TASK OBJECTIVE - Reproduce exactly the lines from the start of the records through the line containing "考察结束后,校长于向英和副校长张胜利、方润生等与考察组专家合影。", both included. Leave the pictures out.

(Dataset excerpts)

******************************

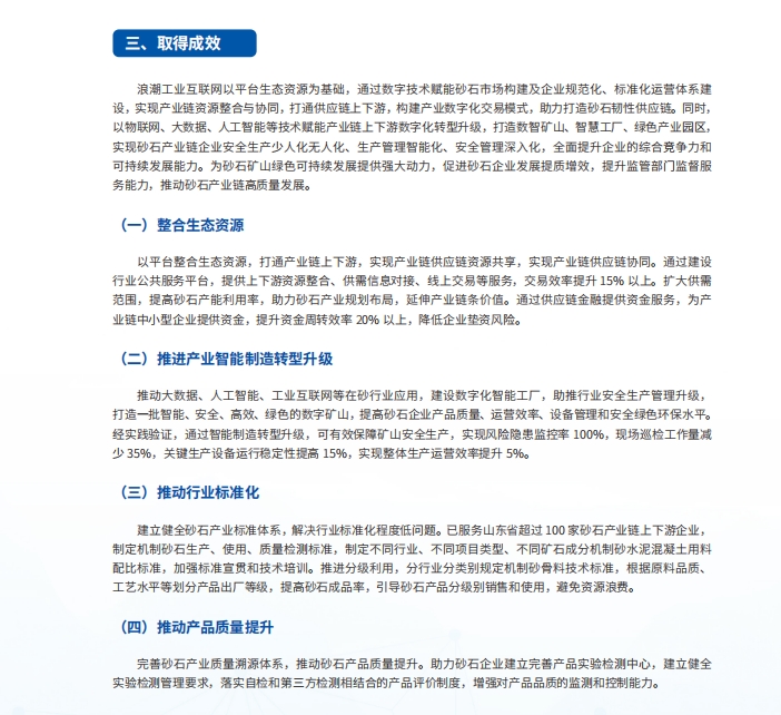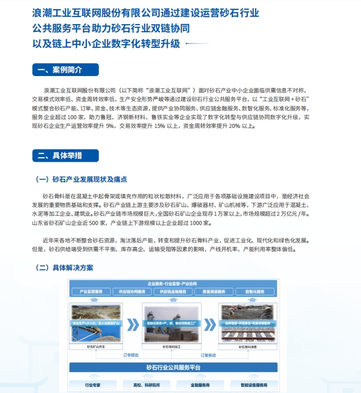 浪潮工业互联网股份有限公司通过建设运营砂石行业公共服务平台助力砂石行业双链协同以及链上中小企业数字化转型升级
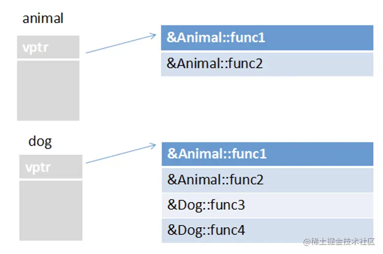 在C++编译器的内部可以理解为结构体,子类是由父类成员叠加子类新成员而成:
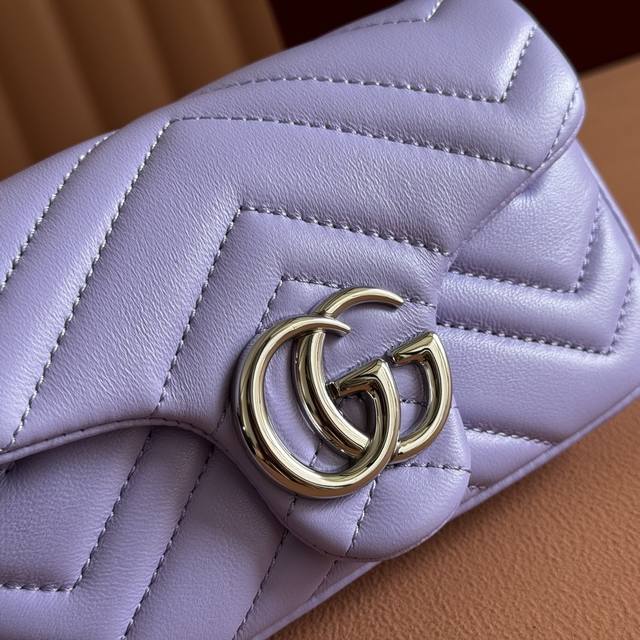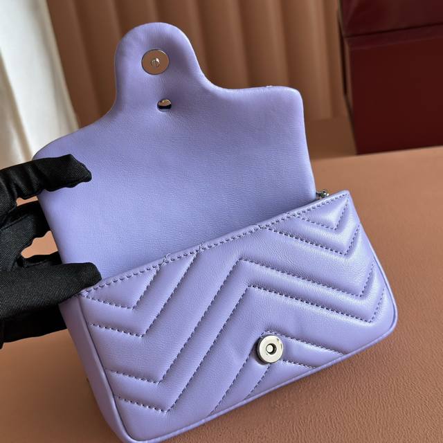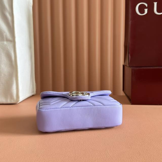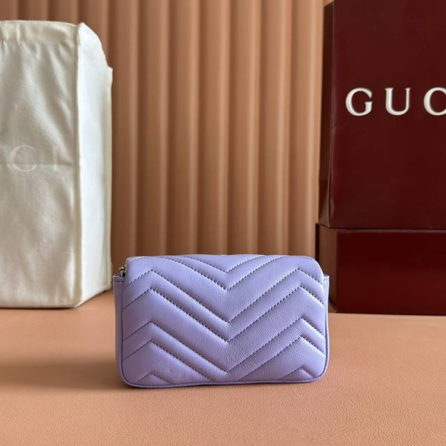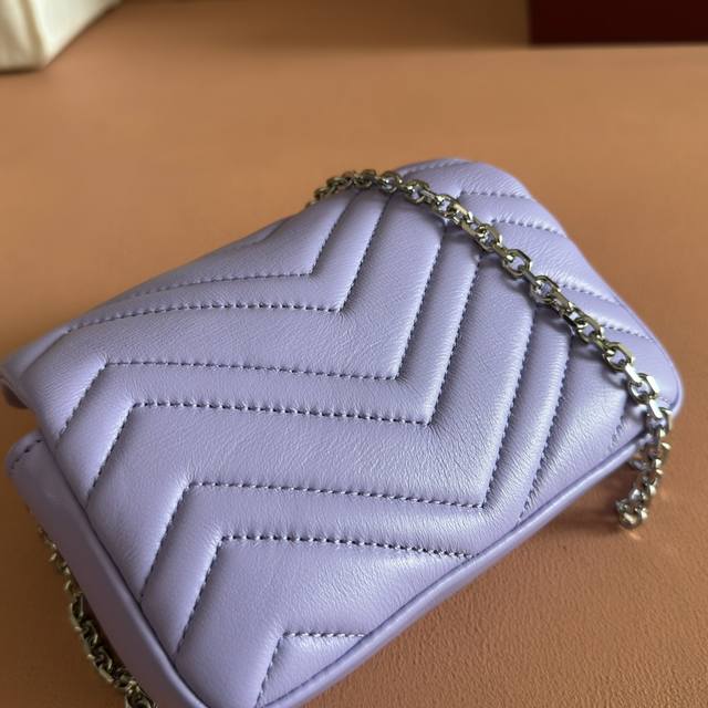 Original leather, complete boutique packaging. The iconic GG Marmont series seamlessly blends double G hardware and a faceted chain strap, crafted from supple leather to create a softly contoured shape. This mini bag is adorned with the brand's archival logo, first introduced in the 1970s. Black V-shaped Matelass
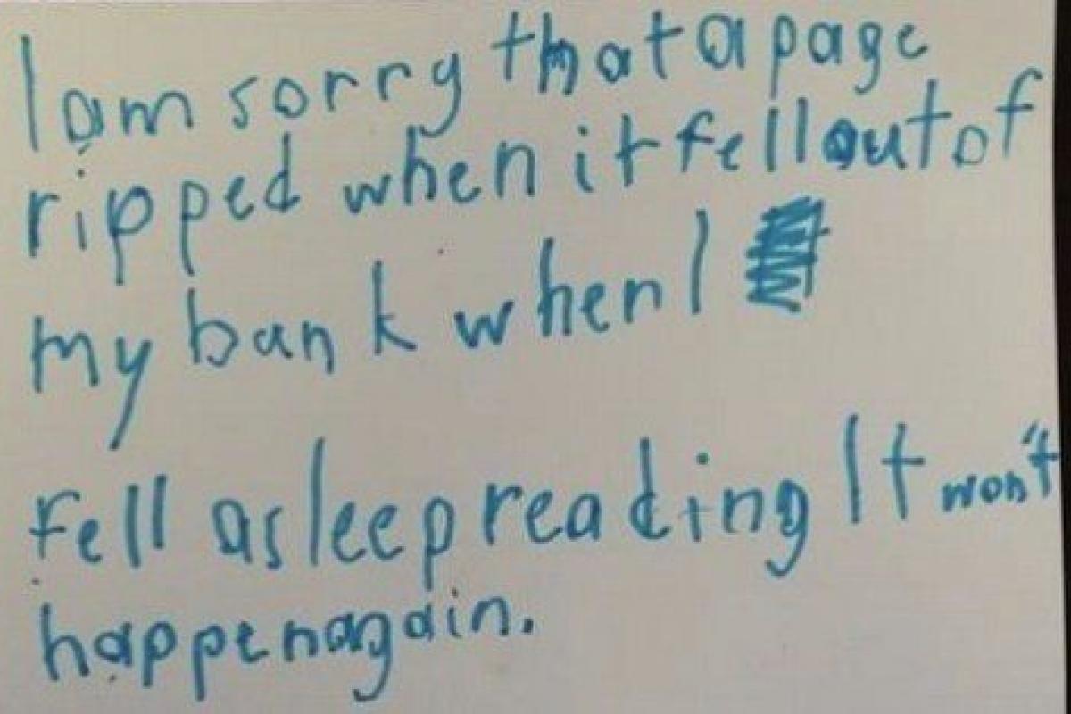 La conmovedora disculpa de un niño tras romper un libro de una biblioteca
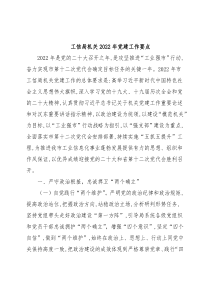 工信局机关2022年党建工作要点2022年是党的二十大召开之年,是攻坚推进“工业强市”行动,奋力实现市第十二次党代会确定目标任务的关键一年。2022年市工信局机关党建工作的总体要求是:高举习近平新时代中国特色社会主义思想伟大旗帜,深入学习党的十九
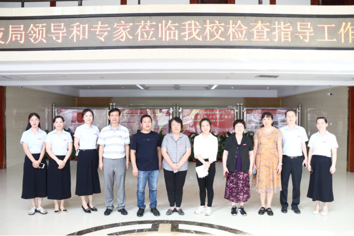 考察结束后,校长于向英和副校长张胜利、方润生等与考察组专家合影。
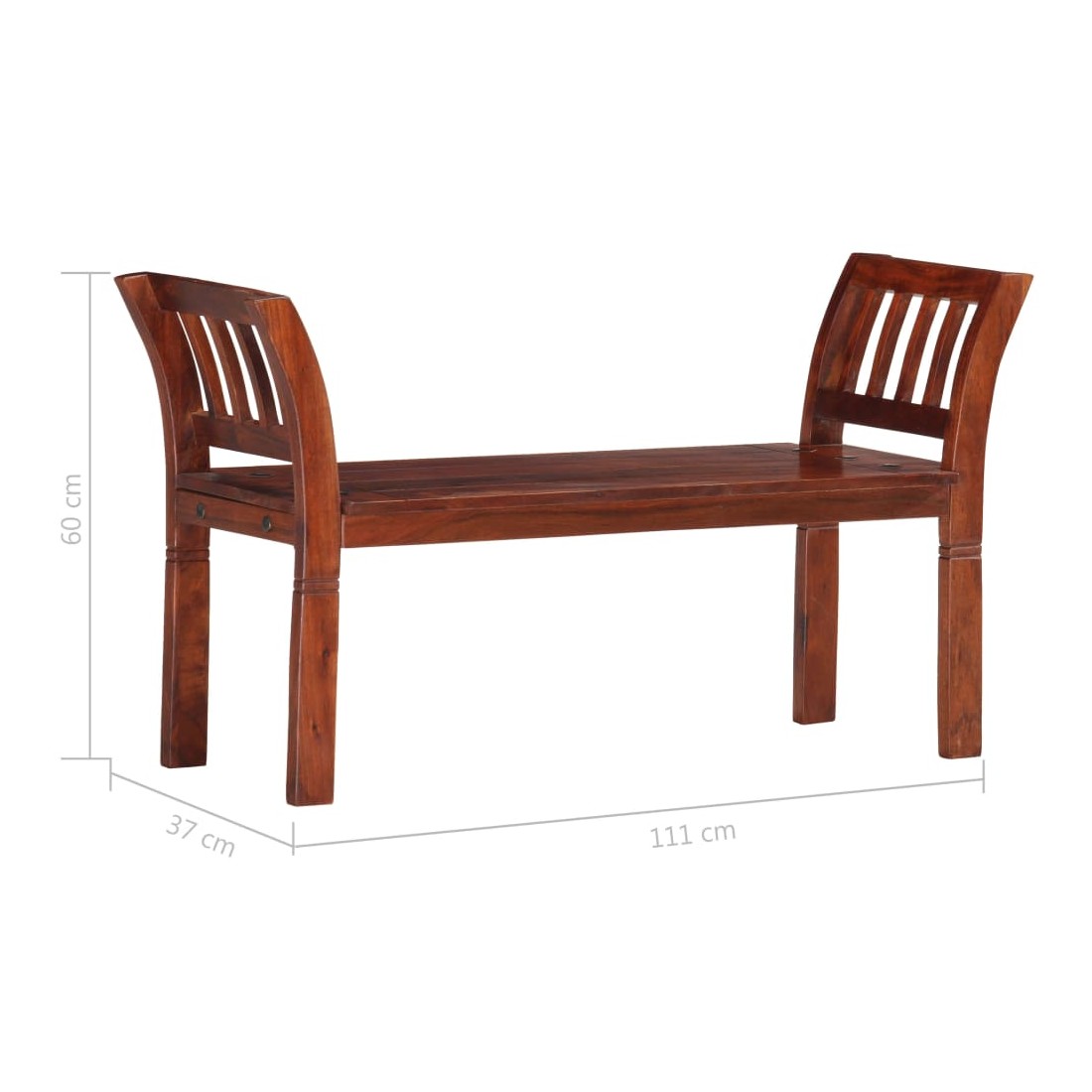 Ce banc en bois de qualité fera une addition captivante dans le couloir, ou cuisine et salle à manger. Fabriqué en bois d'acacia massif avec une finition en noyer, ce banc est très solide et durable. Chaque étape du processus est réalisée avec le plus grand soin, que ce soit le polissage, la peinture ou le laquage. De plus, les accoudoirs incurvés donnent au banc un aspect élégant. Le banc de couloir est facile à assembler. Remarque importante : les couleurs et les grains varient d'une pièce à l'autre, rendant chaque pièce unique ; la livraison est aléatoire.

******************************

RESPONSE TO THE TASK -
 浪潮工业互联网股份有限公司通过建设运营砂石行业公共服务平台助力砂石行业双链协同以及链上中小企业数字化转型升级
 在C++编译器的内部可以理解为结构体,子类是由父类成员叠加子类新成员而成:
 Original leather, complete boutique packaging. The iconic GG Marmont series seamlessly blends double G hardware and a faceted chain strap, crafted from supple leather to create a softly contoured shape. This mini bag is adorned with the brand's archival logo, first introduced in the 1970s. Black V-shaped Matelass
 La conmovedora disculpa de un niño tras romper un libro de una biblioteca
 工信局机关2022年党建工作要点2022年是党的二十大召开之年,是攻坚推进“工业强市”行动,奋力实现市第十二次党代会确定目标任务的关键一年。2022年市工信局机关党建工作的总体要求是:高举习近平新时代中国特色社会主义思想伟大旗帜,深入学习党的十九
 考察结束后,校长于向英和副校长张胜利、方润生等与考察组专家合影。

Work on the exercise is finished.